No matter what your religion of choice, most people have heard the story of Adam and Eve being banished from the Garden of Eden. What if all of earth is really a Garden of Eden? I was thinking about how the earth provides food, nourishment and shelter to every living thing on the planet. And, as plants and animals die they release their nutrients back into the earth to be reused. Only humans embalm their dead with chemicals, or cremate them – both of which are toxic to the earth. (Seattle started an Urban Death Project that buries people in the soil to decompose without chemicals, which is more instep with the natural world.)
And, if you’re thinking, the earth didn’t provide any shelter for humans, it did provide trees, mud, straw, stones and other naturally occurring materials, materials, which would eventually decompose and return to the earth.
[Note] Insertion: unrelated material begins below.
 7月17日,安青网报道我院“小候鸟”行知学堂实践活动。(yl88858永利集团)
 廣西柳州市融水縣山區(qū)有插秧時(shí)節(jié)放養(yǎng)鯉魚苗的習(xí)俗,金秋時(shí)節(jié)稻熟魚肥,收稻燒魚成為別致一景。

But, now we create cities with almost no permeable surfaces, almost no organic matter. Roads abut sidewalks which abut buildings. When rain falls instead of benefiting plants and trees, or being absorbed and filtered by earth as it moves to aquifers, streams or larger bodies of water, it runs off cement or pavement carrying oil, gas, and other toxins into waterways poisoning or killing nearshore marine life. Some cities are starting to include rain gardens to give runoff a place to enter the earth, it’s a good first step.
This whole train of thought was kicked off by this image of a bird building it’s nest in a man-made structure (left) — a tree equivalent. Nature is adaptive, to a point. Plants and animals take in the world as they always have – expecting tree-like structures to be safe to make nests in, and expecting their surroundings to provide food not plastic and trash that looks like food.
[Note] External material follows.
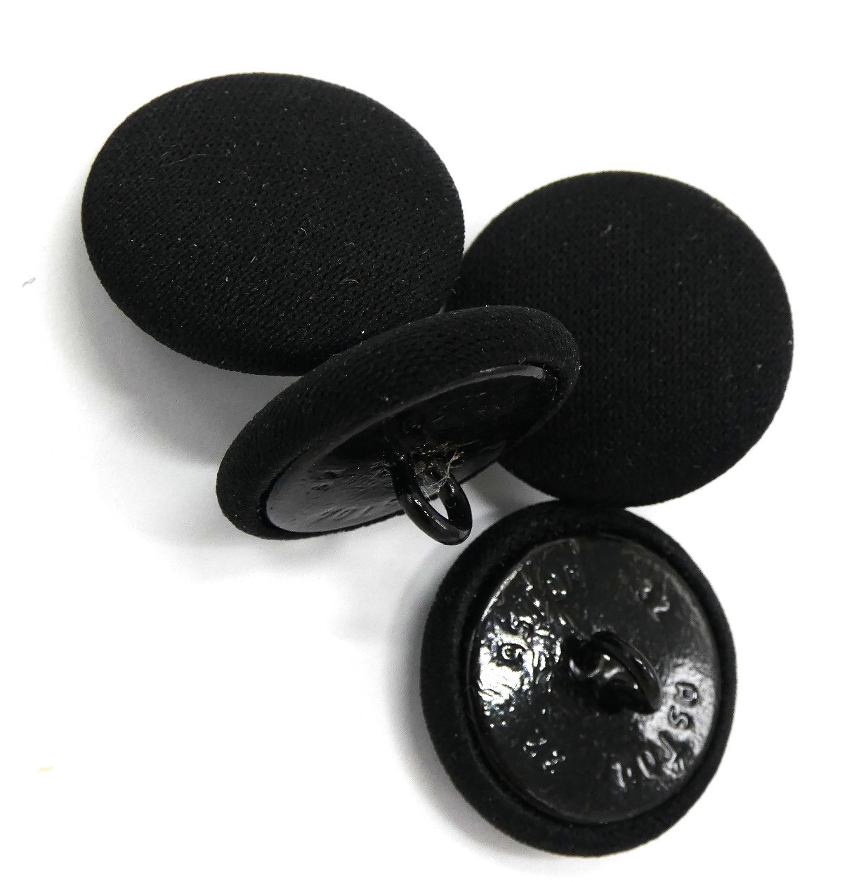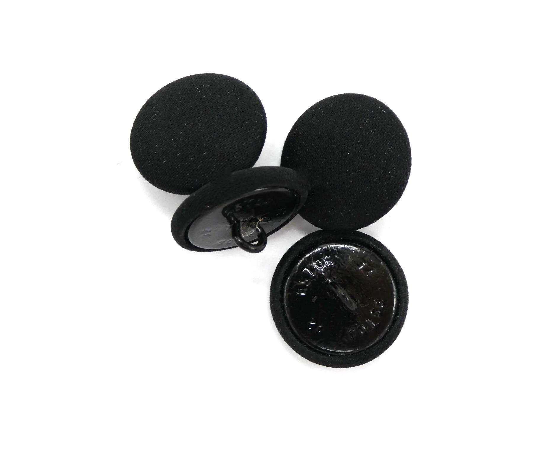 Boutons tige métal avec dessus en tissu noirs ,

That made me think of Chris Jordan’s Midway project, which should be out this year. Watch the trailer. It clearly shows what humanity is unwittingly, and probably unintentionally doing to the natural world. Midway is a North Pacific island that is a nesting place for more than ten species of birds, most notably albatross.
Leo DiCaprio tries to make sense of what we’re doing to the earth in his movie Before the Flood. He didn’t spend much time on it, but I was fascinated with the painting, The Garden of Earthly Delights (at the top of the post), which hung over his bed as a child. It was painted more than 500 years ago and depicts humans ruining the natural world.
Would we treat the earth differently if we saw it as the paradise it is instead of something to be monetized?